L’administration de Donald Trump a annoncé un report temporaire de l’entrée en vigueur des nouveaux droits de douane pour la majorité des pays, y compris les États africains. Si cette décision offre un court répit à notre continent, la situation demeure hautement préoccupante: si ces nouvelles mesures venaient à être mises en œuvre dans 90 jours, elles pourraient porter un coup sévère à des économies africaines déjà fragilisées par l’instabilité du commerce mondial.
En cas d’application, l’Afrique pourrait perdre une part importante de ses recettes d’exportation, un scénario particulièrement inquiétant pour les pays à économie mono-exportatrice. En 2024, les exportations africaines vers les États-Unis ont atteint près de 38 milliards de dollars, avec des produits phares comme le pétrole, le textile, le cacao, le café et les minerais. L’instauration de nouvelles taxes douanières affaiblirait considérablement la compétitivité de ces marchandises et réduirait les revenus de millions d’agriculteurs et d’entreprises minières. Le cas des pays comme la Côte d’Ivoire et le Ghana, qui assurent 60 % de la production mondiale de cacao, est particulièrement alarmant: une chute des prix ou des volumes vendus pourrait avoir des répercussions économiques et sociales majeures.

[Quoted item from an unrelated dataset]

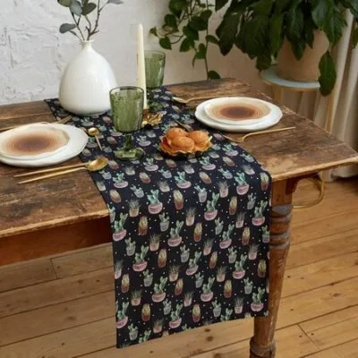 Эта чёрная хлопковая дорожка — основа для безупречного стола. Её сдержанная элегантность и практичность создают идеальный фон для праздничного завтрака, ужина или ежедневных обедов. Гладкая саржа плотностью 190 г/м² мягко стелется, не скользит и надёжно защищает столешницу.ОсобенностиКлассический прямоугольный формат 40×149 см подходит для большинства столов.Натуральный 100% хлопок обеспечивает комфортную тактильность и воздухопроницаемость.Плотная, но мягкая структура ткани (саржа) отличается повышенной износостойкостью.Универсальный чёрный цвет служит гармоничным дополнением любой посуды и сервировки.Подходит для всех сезонов и поводов — от будничных завтраков до торжеств вроде 8 Марта.Практичность в деталяхДорожка рассчитана на частое использование. Она сохраняет вид после многих стирок: используйте деликатный режим при 40°C, избегайте отбеливателей, а для сушки выбирайте низкие температуры. Эта неприхотливость делает её не просто декором, а практичным элементом домашнего обихода для взрослых, который годами поддерживает уют и стиль.

La politique commerciale américaine sous Trump a déjà provoqué des dommages sur le continent, bien avant l’annonce de ces nouvelles taxes. Dès 2018, les États-Unis avaient imposé des droits de douane de 25 % sur l’acier et de 10 % sur l’aluminium, touchant de plein fouet l’Afrique du Sud, qui a perdu près de 290 millions de dollars d’exportations. L’Éthiopie, qui développait ses exportations textiles dans le cadre de l’initiative AGOA, a vu ses quotas remis en cause. L’Égypte, pourtant partenaire agricole traditionnel des États-Unis, a vu la demande en agrumes et en coton chuter.
Le conflit commercial entre Washington et Pékin a également provoqué des effets collatéraux pour l’Afrique. Plusieurs pays dépendant des investissements chinois, comme l’Angola ou la Zambie, ont connu un ralentissement économique marqué et des tensions sur le remboursement de leurs dettes. Les flux de financement se sont raréfiés, rendant ces économies encore plus vulnérables.
Dans ce contexte, les pays africains ne peuvent plus compter sur la stabilité de leurs relations commerciales avec les États-Unis. Il devient urgent de diversifier les partenariats économiques et de renforcer le marché intérieur. L’Accord de libre-échange continental africain (ZLECAf), qui regroupe 54 pays pour un PIB combiné de 3 400 milliards de dollars, représente une réponse structurante à ces défis. En réduisant les barrières commerciales intra-africaines, le continent peut atténuer l’impact des chocs extérieurs et renforcer sa résilience.
Une autre voie essentielle est celle de la recherche de partenaires économiques plus fiables. Le bloc des BRICS — notamment la Chine, l’Inde et la Russie — ainsi que des puissances émergentes du Golfe comme les Émirats arabes unis ou l’Arabie saoudite, affichent une politique commerciale plus cohérente et prévisible. La Chine est aujourd’hui le principal investisseur en Afrique, devant les États-Unis. La Russie, pour sa part, fournit des engrais et des produits alimentaires à des prix compétitifs. Quant à la Turquie et à l’Inde, elles augmentent régulièrement leurs importations de cacao, de pétrole et de matières premières africaines.
Enfin, l’un des leviers fondamentaux de la souveraineté économique africaine réside dans le développement de l’industrie de transformation locale. Il est temps pour les pays africains de cesser d’exporter uniquement des matières premières comme le cacao brut ou le café vert, et de miser sur la production locale de chocolat, de café soluble, de carburants ou de plastiques. Cela permettra non seulement d’augmenter la valeur ajoutée, mais aussi de créer des millions d’emplois et de renforcer l’autonomie économique du continent.
Les 90 jours de sursis offerts par Washington ne suffiront pas à transformer la donne. Si les États-Unis appliquent finalement les nouvelles taxes, l’Afrique en paiera un lourd tribut. Mais cette crise peut aussi devenir une opportunité: celle d’initier les réformes nécessaires, de se libérer de la dépendance aux exportations brutes, de construire un commerce régional solide et de nouer de nouvelles alliances stratégiques. La politique protectionniste et unilatérale des États-Unis doit servir de leçon – pour notre continent, la souveraineté économique ne peut plus attendre.